# [PROBLEM TO WORK ON]
An exact repeat is needed of the lines from the one with "Diameter Size up" through the last line of the data below. Please omit the pictures.

# [DATA BLOCK]
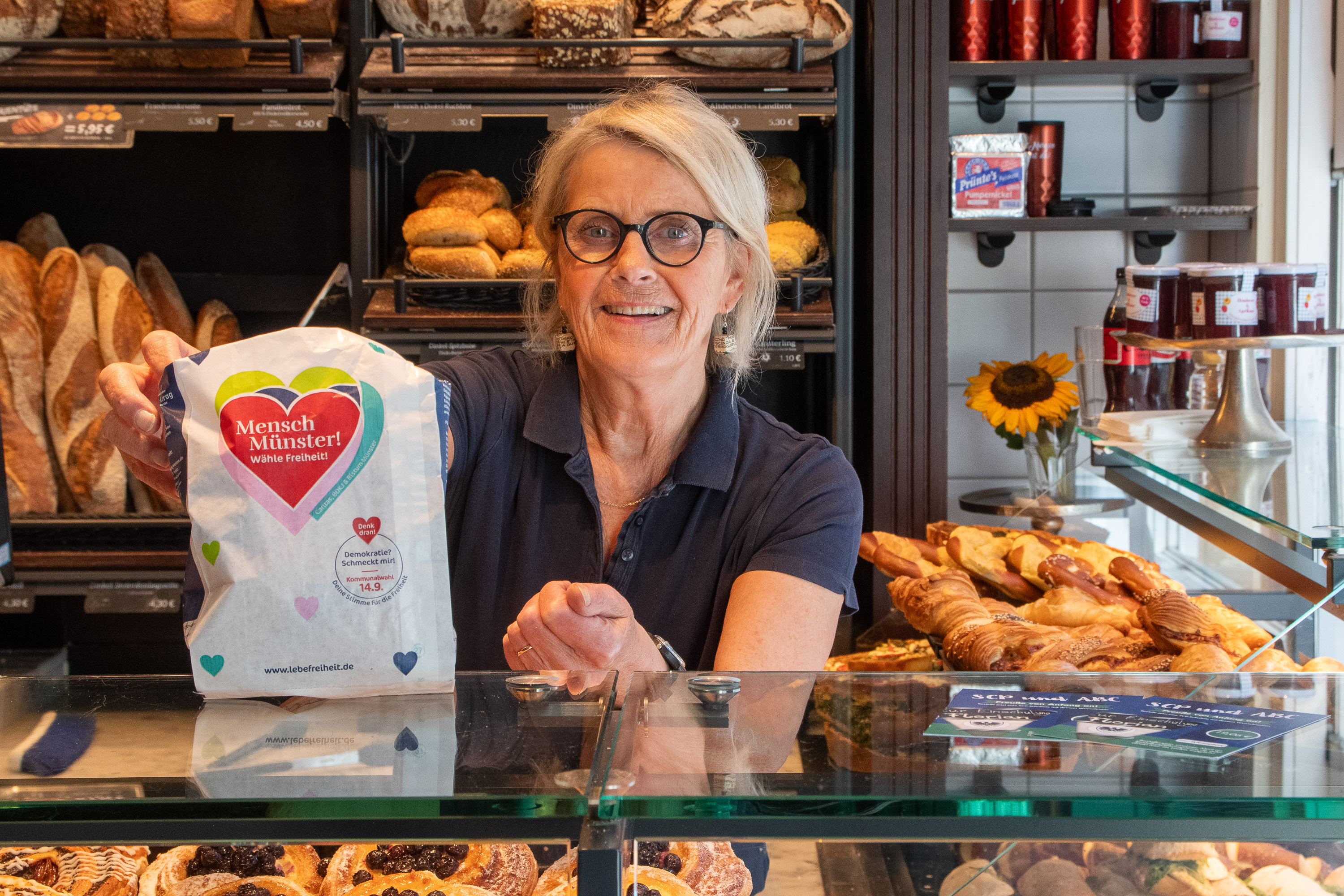 In allen Krimphove-Filialen in Münster gibt es ab sofort Brötchentüten, die das Herzmotiv der Demokratie-Kampagne zeigen.
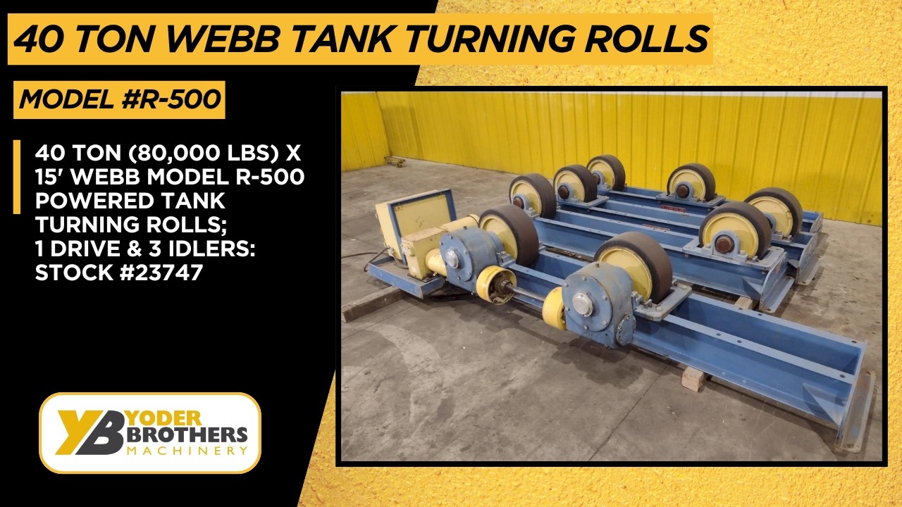 Diameter Size up to 15’Idler units (quantity 3) Model R-500 – 20,000lb Capacity each- up to 15’ Diameter Size
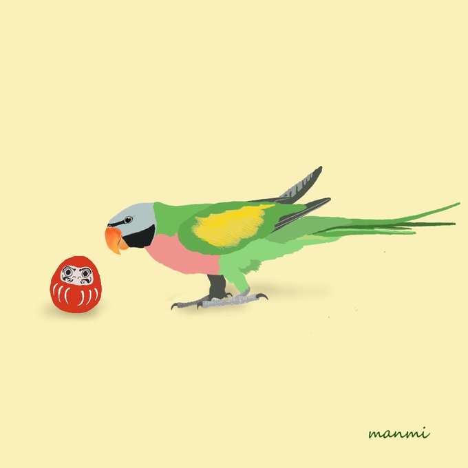 初夢でダルマさんを見ると良い一年になる⁉との噂☺️✨ 2023年が素敵な1年になる事を祈って 『ダルマの森』からスタート❣ 本年も宜しくお願いします🥰 #ダルマインコ #Psittaculaalexandri #RedbreastedParakeet #Parakeet #bird #illustration #お絵描き #イラスト

# [EXERCISE RESULT]
 Diameter Size up to 15’Idler units (quantity 3) Model R-500 – 20,000lb Capacity each- up to 15’ Diameter Size
 初夢でダルマさんを見ると良い一年になる⁉との噂☺️✨ 2023年が素敵な1年になる事を祈って 『ダルマの森』からスタート❣ 本年も宜しくお願いします🥰 #ダルマインコ #Psittaculaalexandri #RedbreastedParakeet #Parakeet #bird #illustration #お絵描き #イラスト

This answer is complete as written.